Generally, when a system identifier is specified in an external entity declaration, it can be trusted to be a valid s.o.i. However, in some circumstances (such as when the document was generated on another system, when the document was generated in another location on the same system, or when some files referenced by system identifiers have had their locations changed since the document was generated), the specified system identifiers may not be valid. In this latter case, preferring the public identifier or entity name over the system identifier may be a more dependable way of accessing the entity. Therefore, this resolution defines two modes for using the above search strategy when an external identifier has an explicit system identifier:

An application must provide some way (e.g., a runtime argument, environment variable, preference switch) that allows the user to specify which of these modes to use.
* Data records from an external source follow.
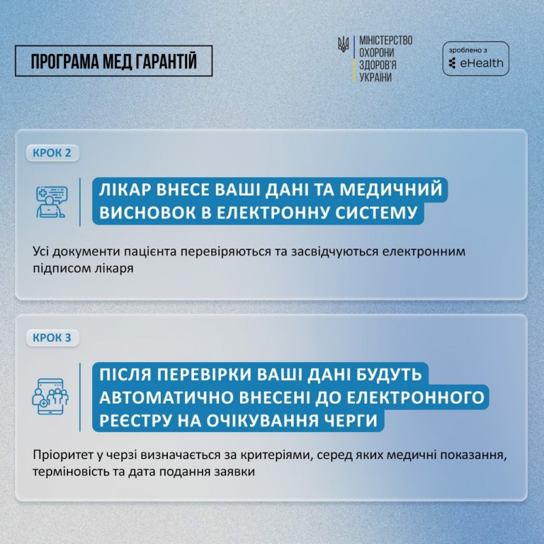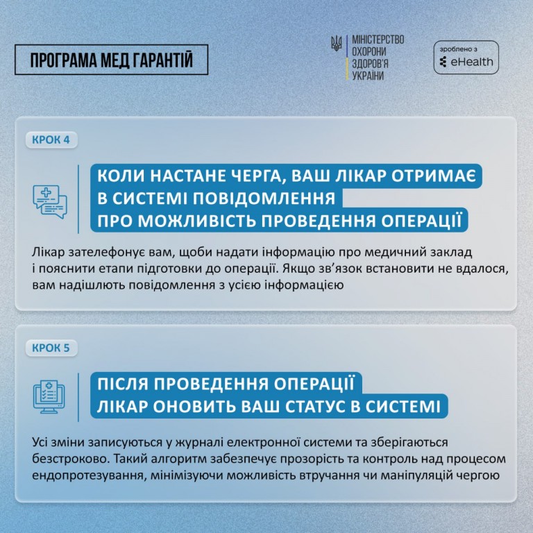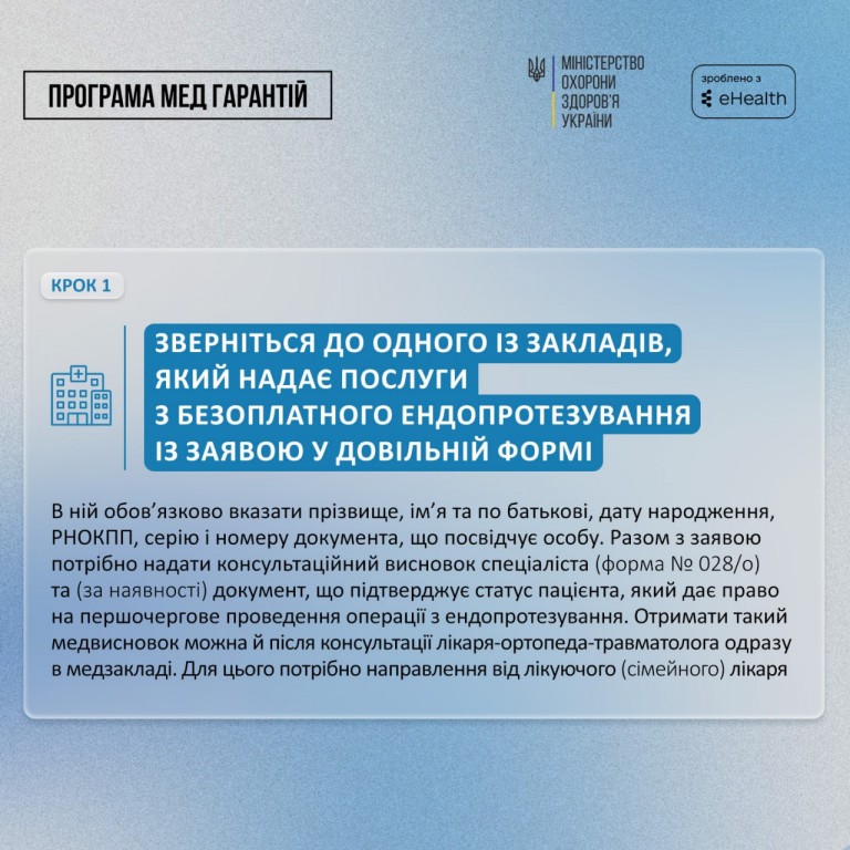 За інформацією МОЗ України, у 97 медзакладах, що мають договір з НСЗУ на відповідні послуги, діє електронна черга на безоплатне ендопротезування – це хірургічна заміна пошкодженого суглоба (найчастіше кульшового або колінного) штучним імплантом.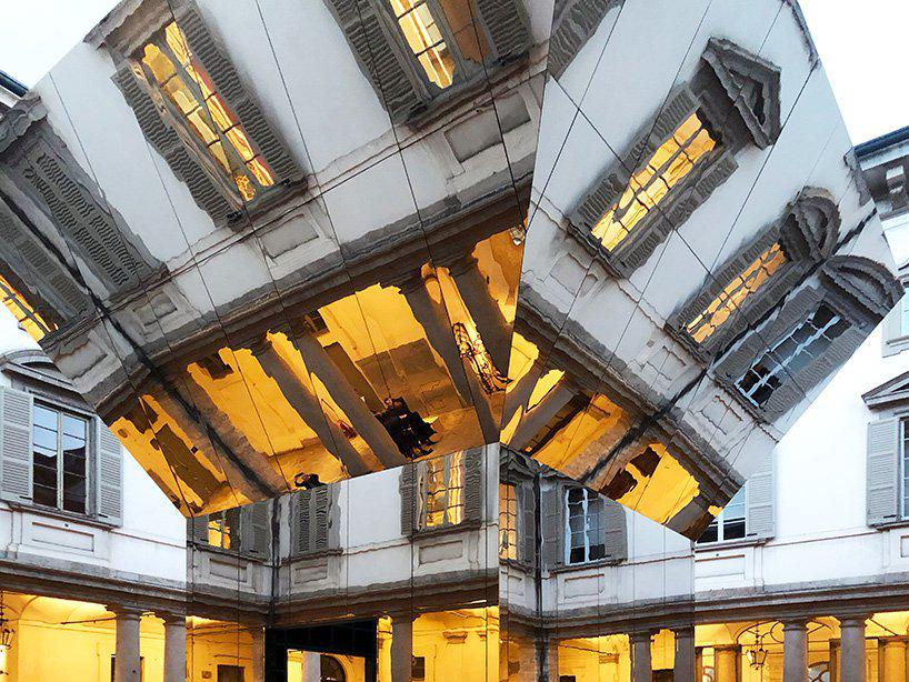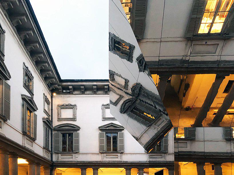 if at ground level visitors will encounter an unprecedented version of the monument, by looking up they will see themselves reflected on an impressive tilted ceiling,’ continues pezo von ellrichshausen. the project forms part of ‘the litta variations’, a show at palazzo litta by mosca partners that brings together more than 22 exhibitors from around the world. see designboom’s continuing coverage of milan design week here.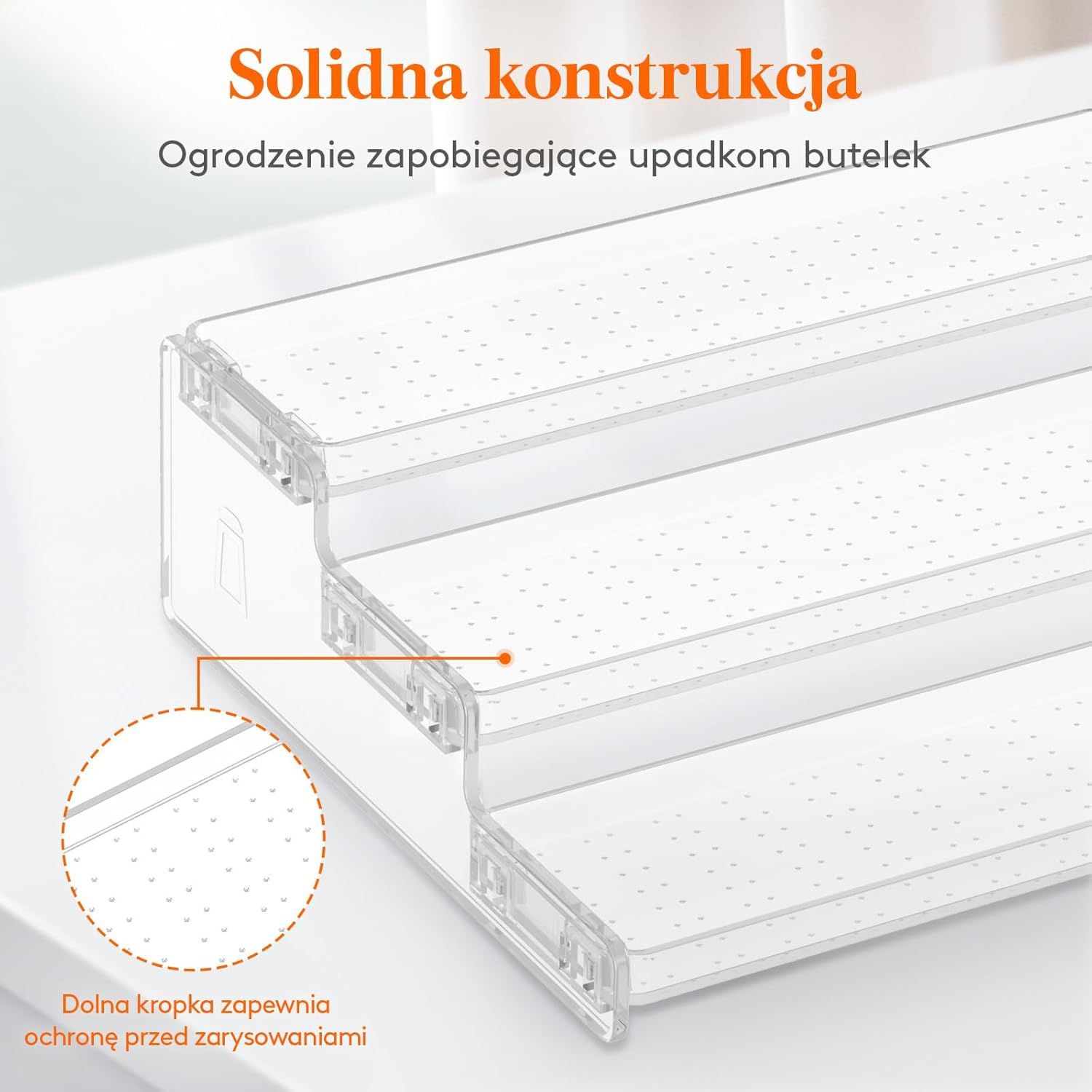 - Solidna konstrukcja: Pionowy organizer na przyprawy do szafki ma otaczające ogrodzenia na każdym poziomie i zaokrągloną konstrukcję na podłodze każdej warstwy. Zapewnia to bezpieczne i stabilne przechowywanie słoików i butelek, zapobiegając wszelkim poślizgom lub pęknięciom. Możesz mieć pewność, że Twoje przedmioty są niezawodnie chronione, zapewniając Ci spokój ducha.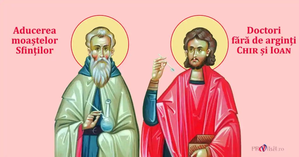 În această lună, în ziua a douăzeci și opta, pomenirea aflării cinstitelor moaște ale Sfinților Mucenici Chir și Ioan.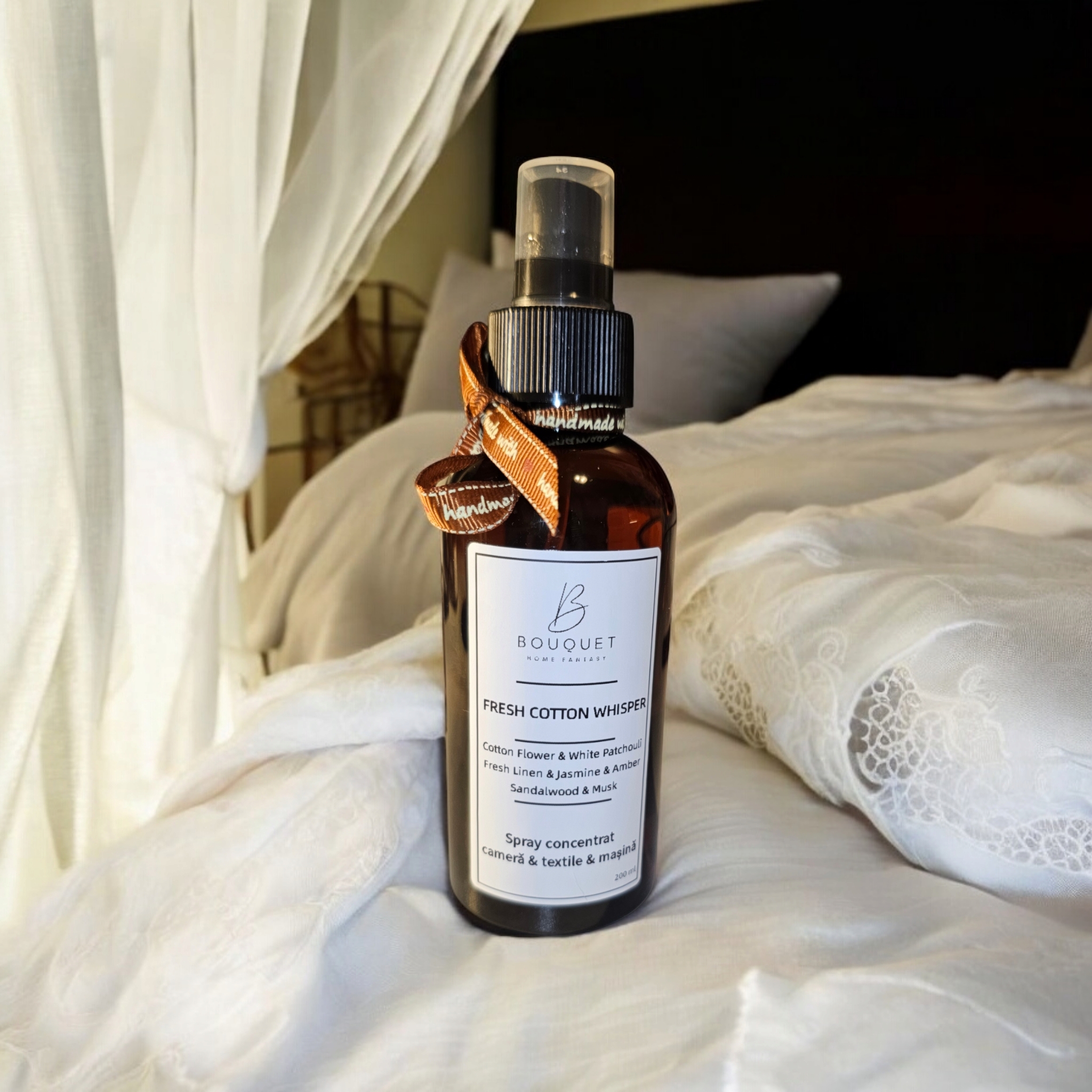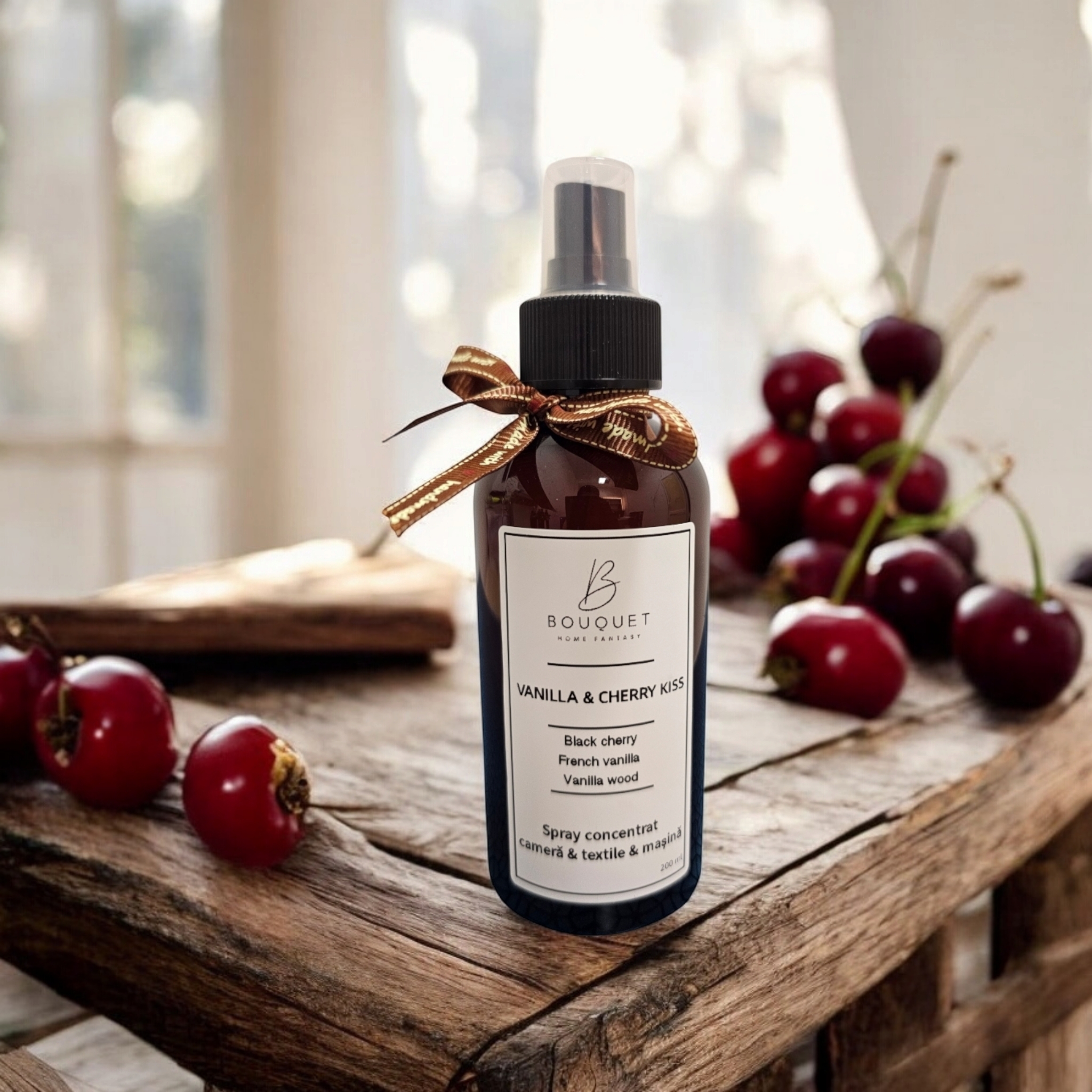 * 1 x Spray concentrat pentru camera, textile si masina, 200 ml (parfum la alegere din cele de mai jos, pe care il veti mentiona in casuta "Personalizeaza produsul" )
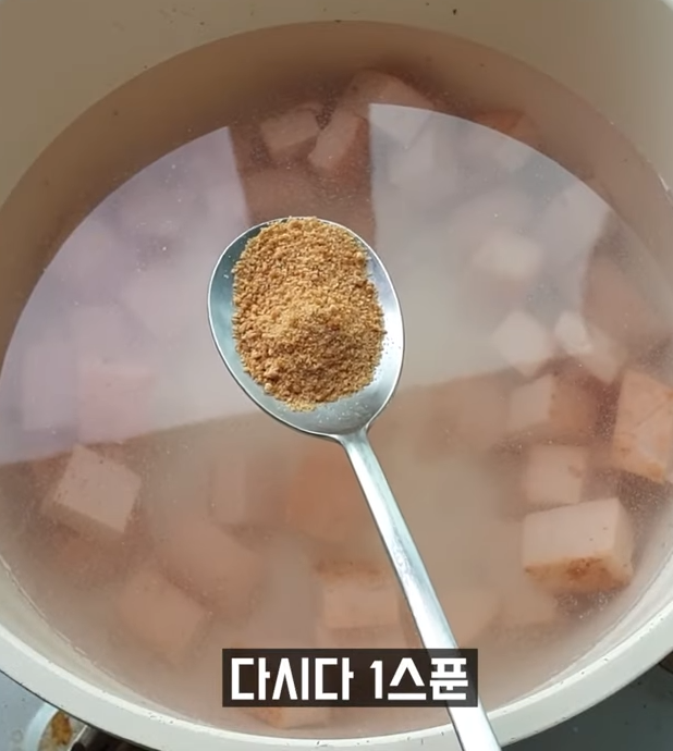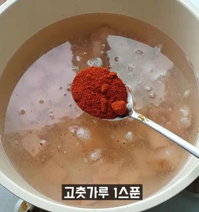 7. 다시다 1스푼, 된장 1스푼 반, 고춧가루 1스푼을 넣어줍니다.
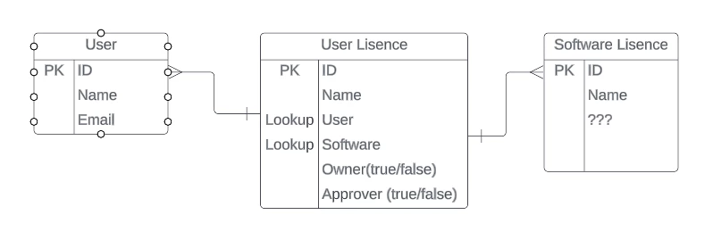 I want to be able to link multiple users to one software license. I can do this with lookup relationship fields. Now, since end-users use multiple applications, I want to link our users to multiple software licenses.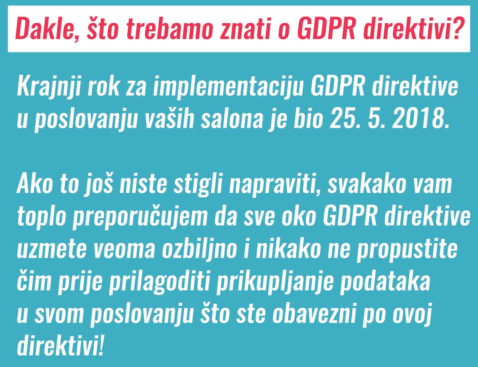 Prije nego počnem objašnjavati kako implementirati GDPR u poslovanju vaših salona, trebam istaknuti da ovo nije priručnik za GDPR. Pročitao sam GDPR direktivu, i sve što slijedi je moje mišljenje o toj velikoj promjeni, koja će iznimno utjecati na način skupljanja i obrađivanja osobnih podataka vaših klijenta.

The accompanying table summarizes the various possibilities.

External identifier includes: Prefer/trust SYSTEM id? Identifiers to try (in order) to resolve into the s.o.i.
SYSTEM id PUBLIC id
no no Not applicable ENTITY
no yes Not applicable PUBLIC, ENTITY
yes no no ENTITY, SYSTEM
yes no yes SYSTEM
yes yes no PUBLIC, ENTITY, SYSTEM
yes yes yes SYSTEM

The use of hyphens or colons in the ISO owner identifier

Since this resolution pertains to public identifiers, it addresses one additional detail about public identifiers. ISO 8879 is inconsistent about the use of hyphens and colons in ISO owner identifiers. Clause 10.2.1.1 of 8879:1986 (unamended) has a note indicating that the ISO owner identifier for the SGML standard is "ISO 8879-1986". Production [171] of clause 13 indicates that the minimum literal in the SGML declaration must be "ISO 8879-1986". While Amendment 1 of 8879 does not alter clause 10.2.1.1, it does alter production [171] of clause 13 to say that the minimum literal in the SGML declaration should be "ISO 8879:1986". This has lead to the propagation of both the dash and the colon in ISO owner identifiers. In the interests of interoperability, this SGML Open resolution requires that all products accept either form as a valid ISO owner identifier. Note, however, that this should not be construed to mean that a public identifier using one form should necessarily cause a catalog lookup match to succeed with a public identifier using the other form; while this resolution requires SGML systems to accept either form as valid, in practice, two entries (differing only by the single ":" or "-" character) may be needed in the catalog if both forms should refer to the same storage object identifier.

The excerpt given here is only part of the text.